* _SOURCE DATA_:
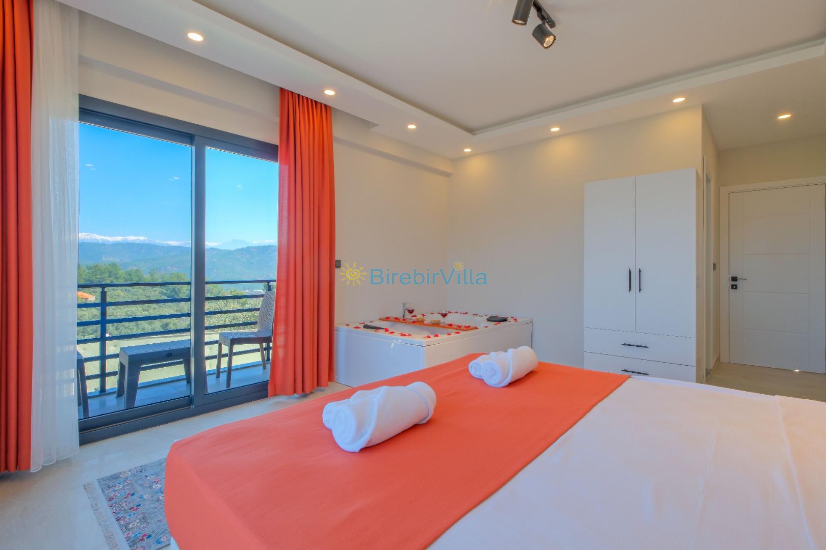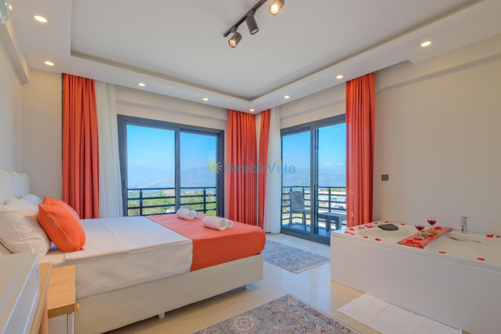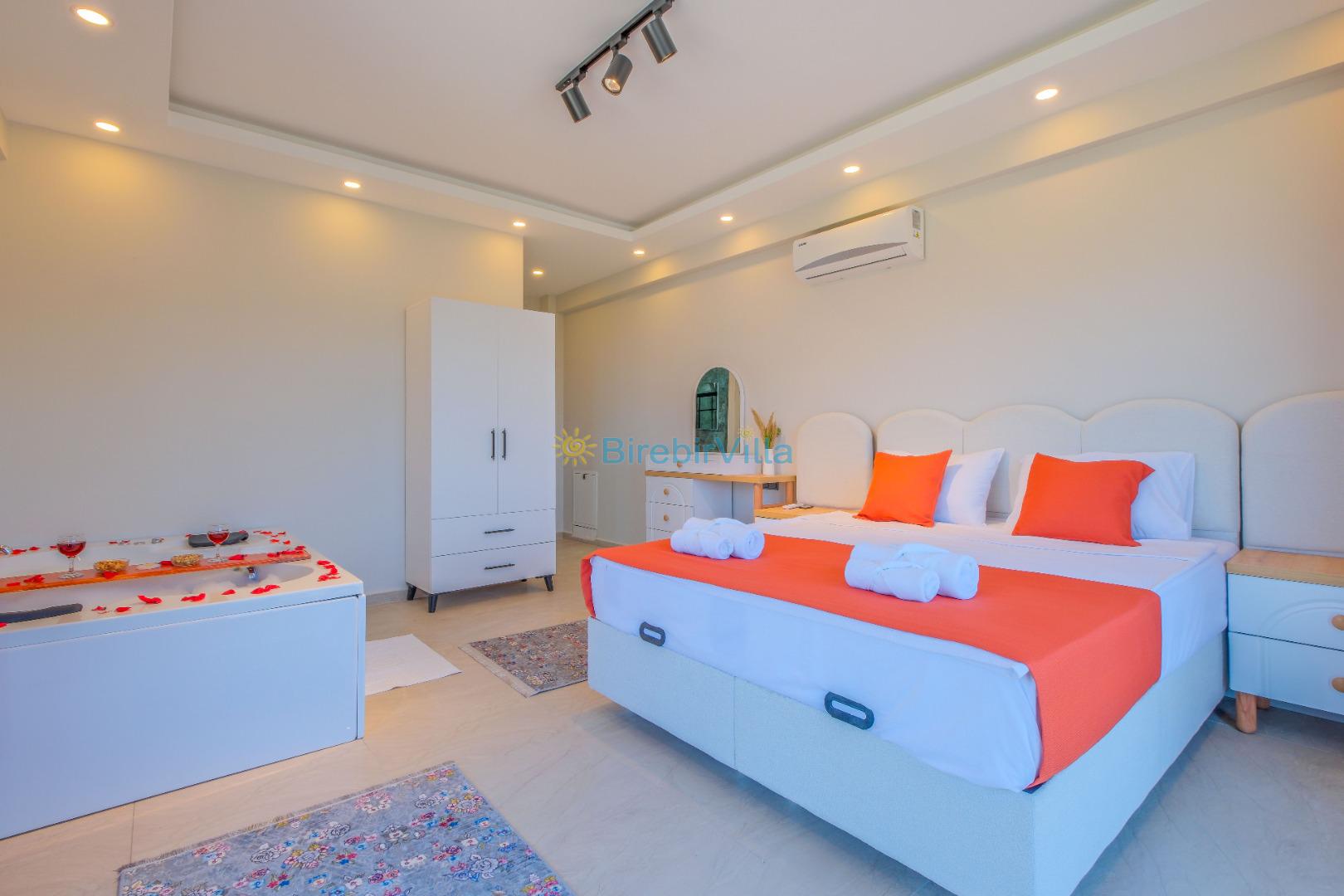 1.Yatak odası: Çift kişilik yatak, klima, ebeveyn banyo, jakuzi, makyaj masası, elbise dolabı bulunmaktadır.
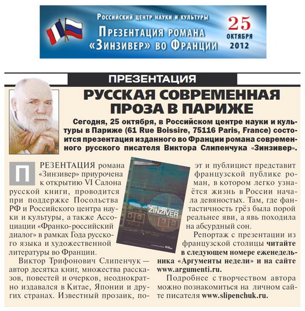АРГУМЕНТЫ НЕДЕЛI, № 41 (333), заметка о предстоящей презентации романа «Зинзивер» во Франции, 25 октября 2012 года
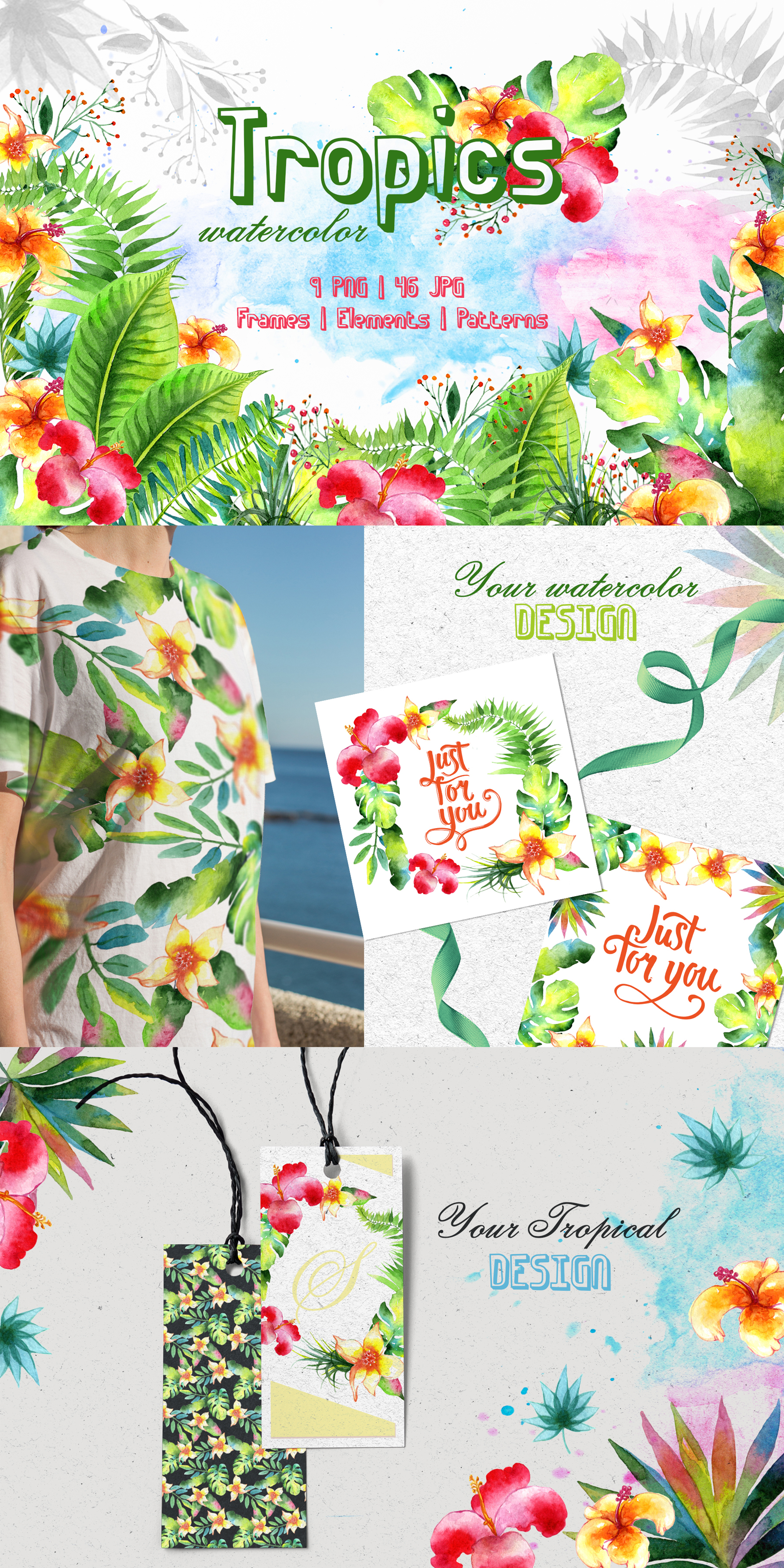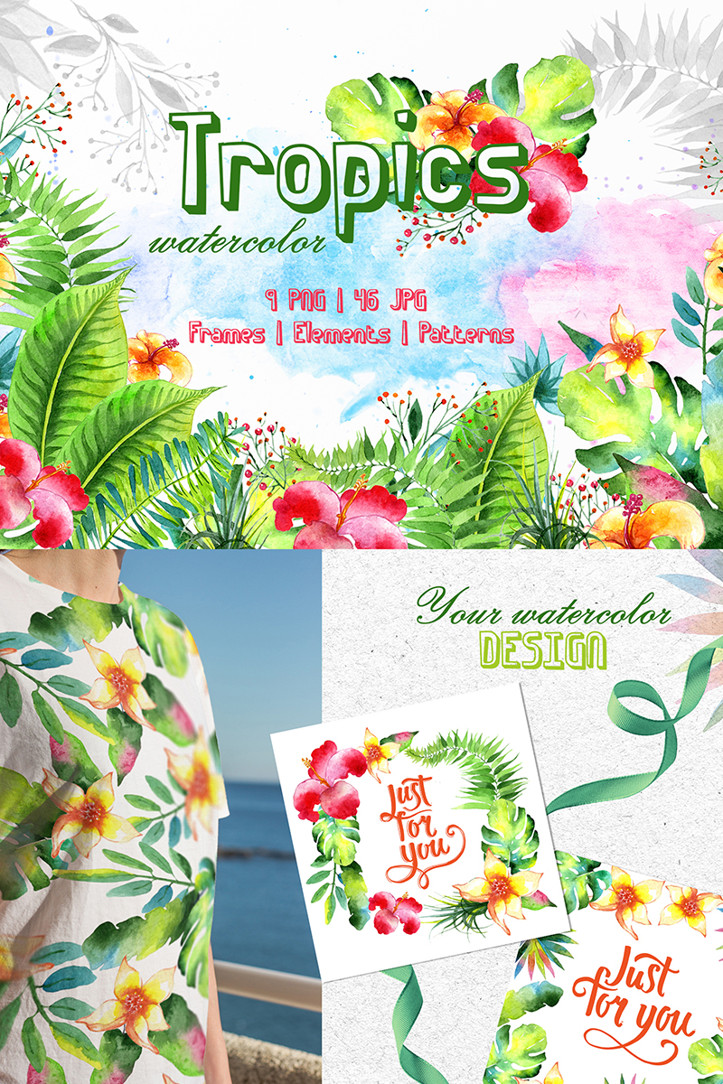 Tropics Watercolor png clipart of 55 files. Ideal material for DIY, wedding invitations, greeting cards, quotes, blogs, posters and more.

* _WHAT YOU WILL DO_: All of the lines above must be printed again exactly, and no picture may appear in the copy.

* _RESPONSE_:
 1.Yatak odası: Çift kişilik yatak, klima, ebeveyn banyo, jakuzi, makyaj masası, elbise dolabı bulunmaktadır.
АРГУМЕНТЫ НЕДЕЛI, № 41 (333), заметка о предстоящей презентации романа «Зинзивер» во Франции, 25 октября 2012 года
 Tropics Watercolor png clipart of 55 files. Ideal material for DIY, wedding invitations, greeting cards, quotes, blogs, posters and more.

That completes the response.